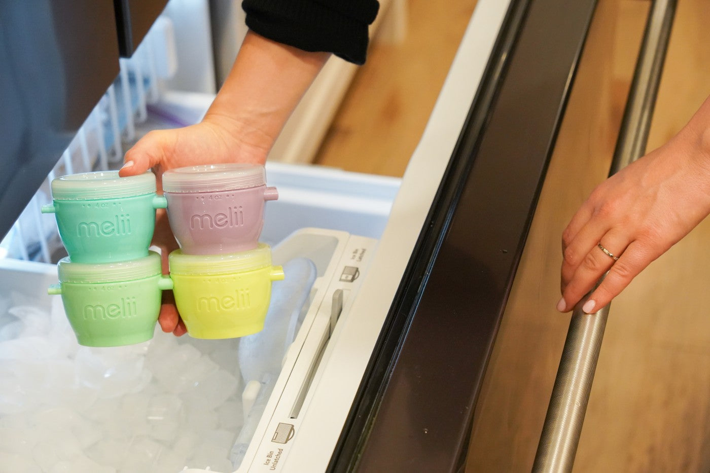 Configurație flexibilă: Recipientele se pot atașa orizontal sau vertical, economisind spațiu în congelator.
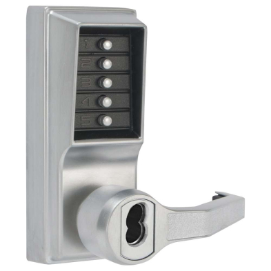 The Simplex 8100 Mechanical pushbutton lock, with mortise locking device options and lever handle, provides exterior access by combination, while allowing free egress.
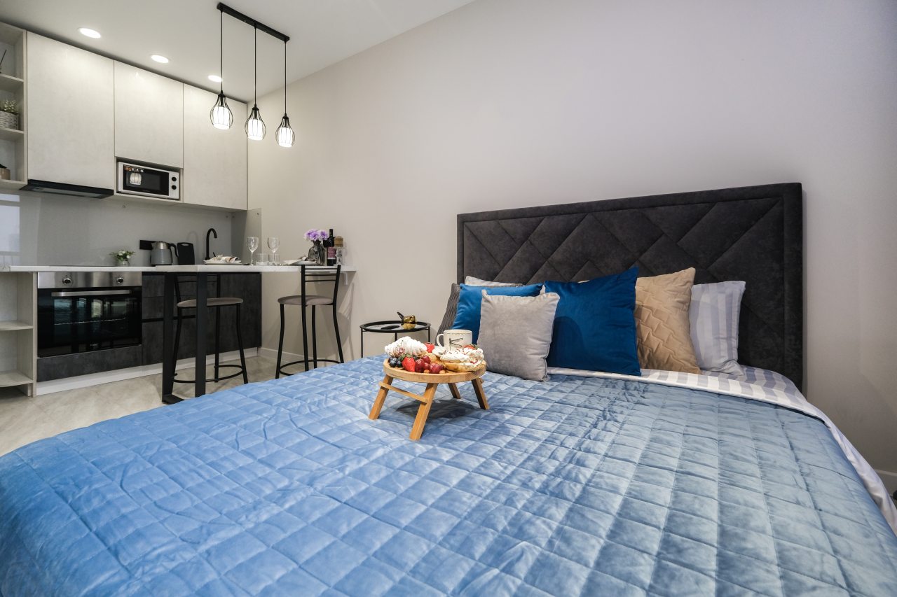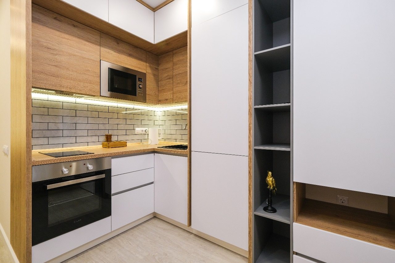Каждая кухня оснащена плитой, СВЧ, чайником, духовым шкафом, холодильником, поэтому в любое время вы сможете порадовать себя домашними блюдами.
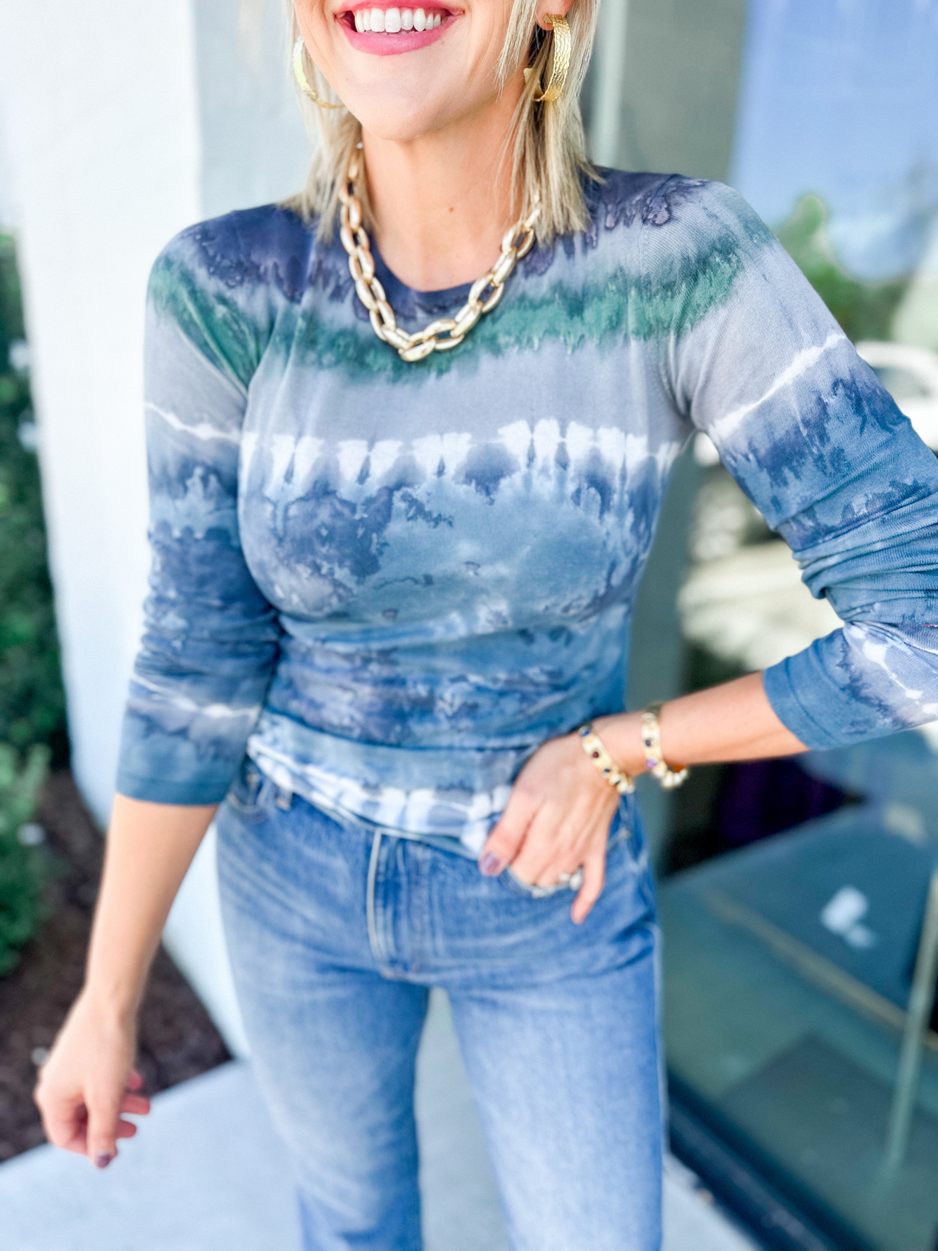 Add a splash of fun to your wardrobe with the Terra Wash Knit Tee. This long sleeve tee features a vibrant blue tie-dye pattern that brings a playful, laid-back vibe to any outfit. Crafted from soft, breathable fabric, it’s perfect for cozy days or casual adventures. Embrace effortless style with a twist of color!
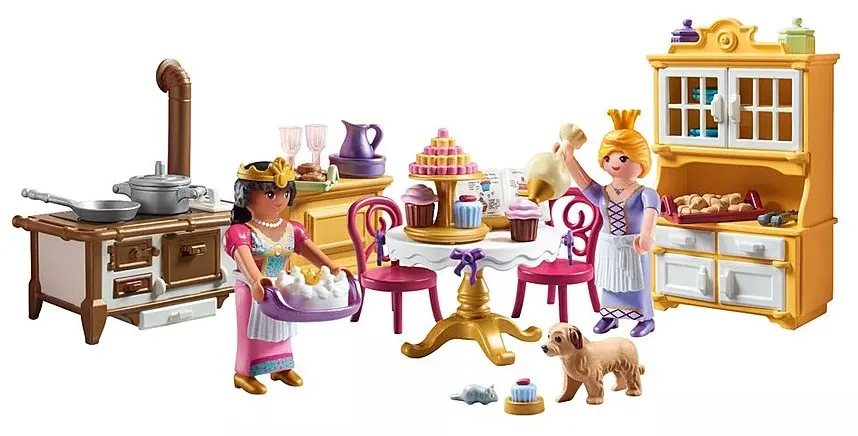 Delight in the elegant details of the royal kitchen where every accessoryfrom the tiered serving tray to the rolling pin and charming cookbookenhances the cooking adventure. The beautifully designed furniture and intricate decor add an authentic touch, making each baking session a memorable culinary journey. Immerse yourself in playful culinary adventures as the princesses experiment with recipes. The delightful set, complete with a sweet court dog and curious mouse, sparks imaginative storytelling and endless fun in a vibrant, magical kitchen. Every moment is a celebration of royal creativity and flavour.
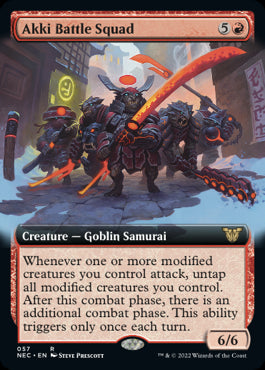 Near Mint Single Akki Battle Squad Extended Art Kamigawa Neon Dynasty Commander collector number #057 Rare Red Creature with art by Steve Prescott
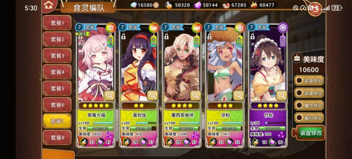 包括了品质,觉醒练度,打完最后一关战损情况以及装盘情况然后五星有些是米饭喂到这个练度,有些是抽或者活动送的一队甜品是最稳定的,实际上大福换成甜甜圈和面包诱惑一起单秒后排更加合理,一个半吊子群伤一个高单伤很容易伤害溢出,而且面包诱惑如果不点味道索敌,自动索敌机制是血量最少那个,所以开自动会丢很多伤害但是大福有活动送好多,所以先升着了,有条件得觉醒,三觉大福群伤稳定很多(甜点觉醒素材建议刷四
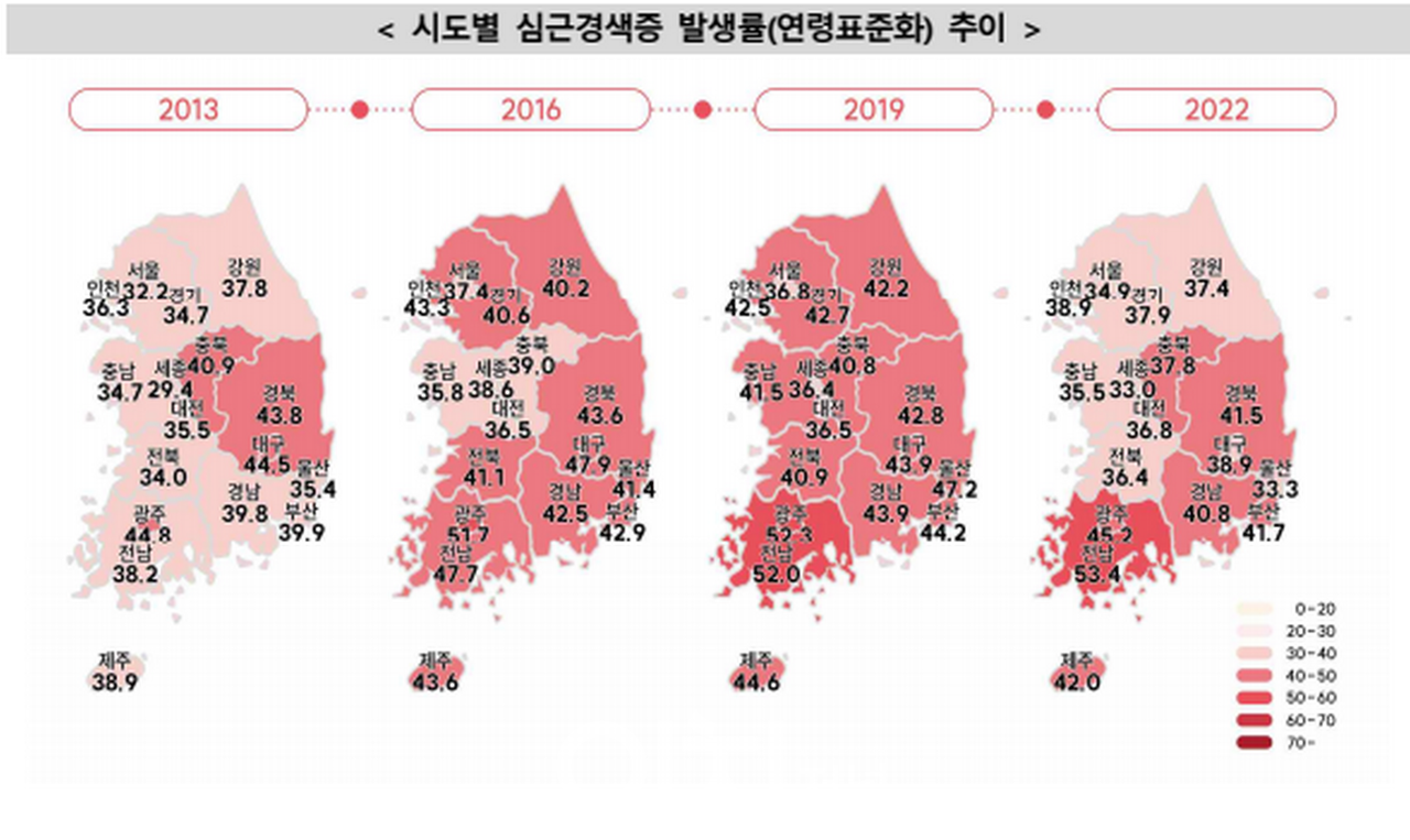 심근경색증의 연령표준화 발생률은 2012년 36.2건에서 2022년 38.6건으로 6.6% 증가했지만, 2020년 이후로는 감소세를 보이고 있다. 지역별로는 전남(53.4건/10만 명당)과 광주(45.2건/10만 명당)가 가장 높았으며, 세종(33.0건/10만 명당)과 울산(33.3건/10만 명당)이 가장 낮았다.
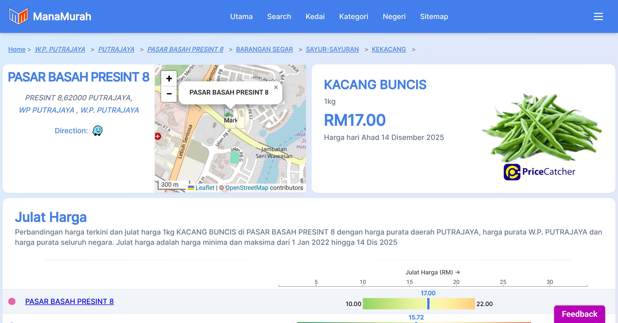 Tiada maklumat harga KACANG BUNCIS di PUTRAJAYA
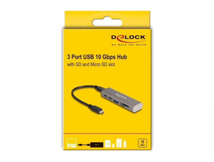 Delock 3 portový rozbočovač USB 10 Gbps včetně čtečky karet SD a Micro SD s konektorem rozhraní USB Type-C™
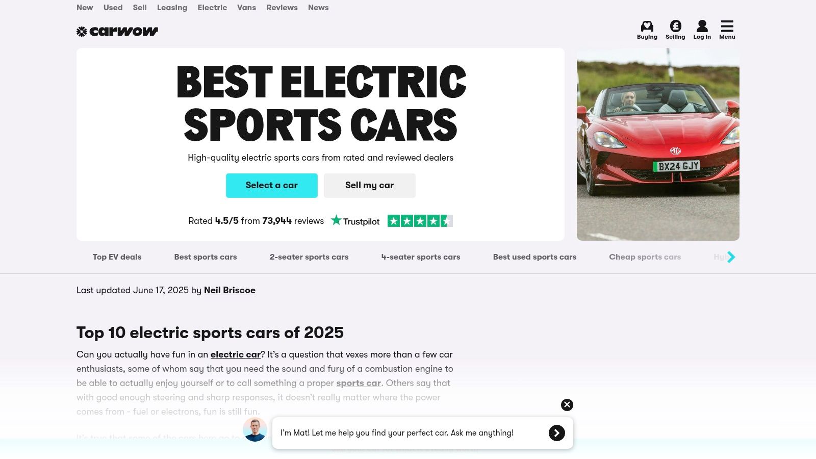 6. carwow UK – Electric sports cars (comparison, reviews, and quotes)
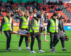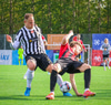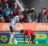 Jæja það er smá hiti að færast í þetta, Dani Djuric brotlegur og er ekkert á því að skila boltanum. Fer í taugarnar á KRingum sem ýta honum frá og fer Dani helst til auðveldlega.
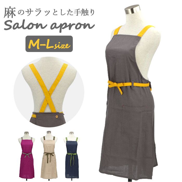 エプロン おしゃれ 通販 前結び ロング丈 保育士 オシャレ 麻混 大人 カフェエプロン シンプル ポケット キッチンファブリック かわいい ガーデニング 敬老の日 母の日 プレゼント
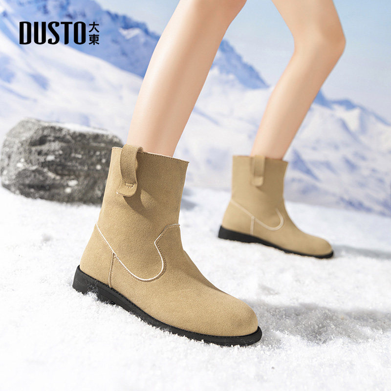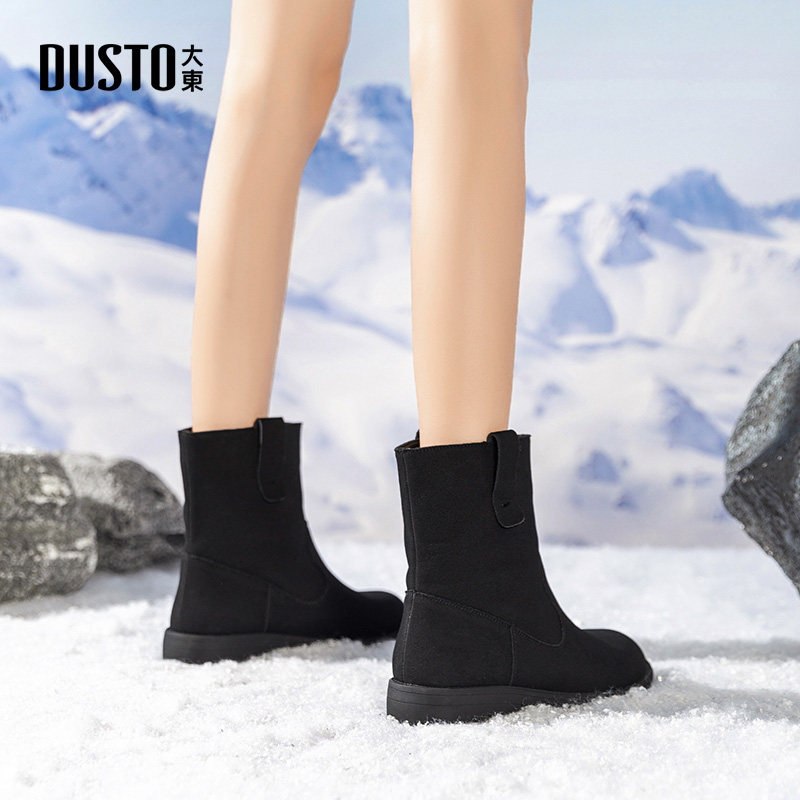 大东女鞋短靴2025冬季新款复古西部牛仔靴女靴粗跟英伦烟筒时装靴

------------------------------------------------------------------------

__WHAT TO PRODUCE__:
All that should appear in the answer is the lines above from the line with "The Simplex 8100" through the line with "Каждая кухня оснащена", retyped exactly, pictures left out.

__THE ANSWER__:
 The Simplex 8100 Mechanical pushbutton lock, with mortise locking device options and lever handle, provides exterior access by combination, while allowing free egress.
Каждая кухня оснащена плитой, СВЧ, чайником, духовым шкафом, холодильником, поэтому в любое время вы сможете порадовать себя домашними блюдами.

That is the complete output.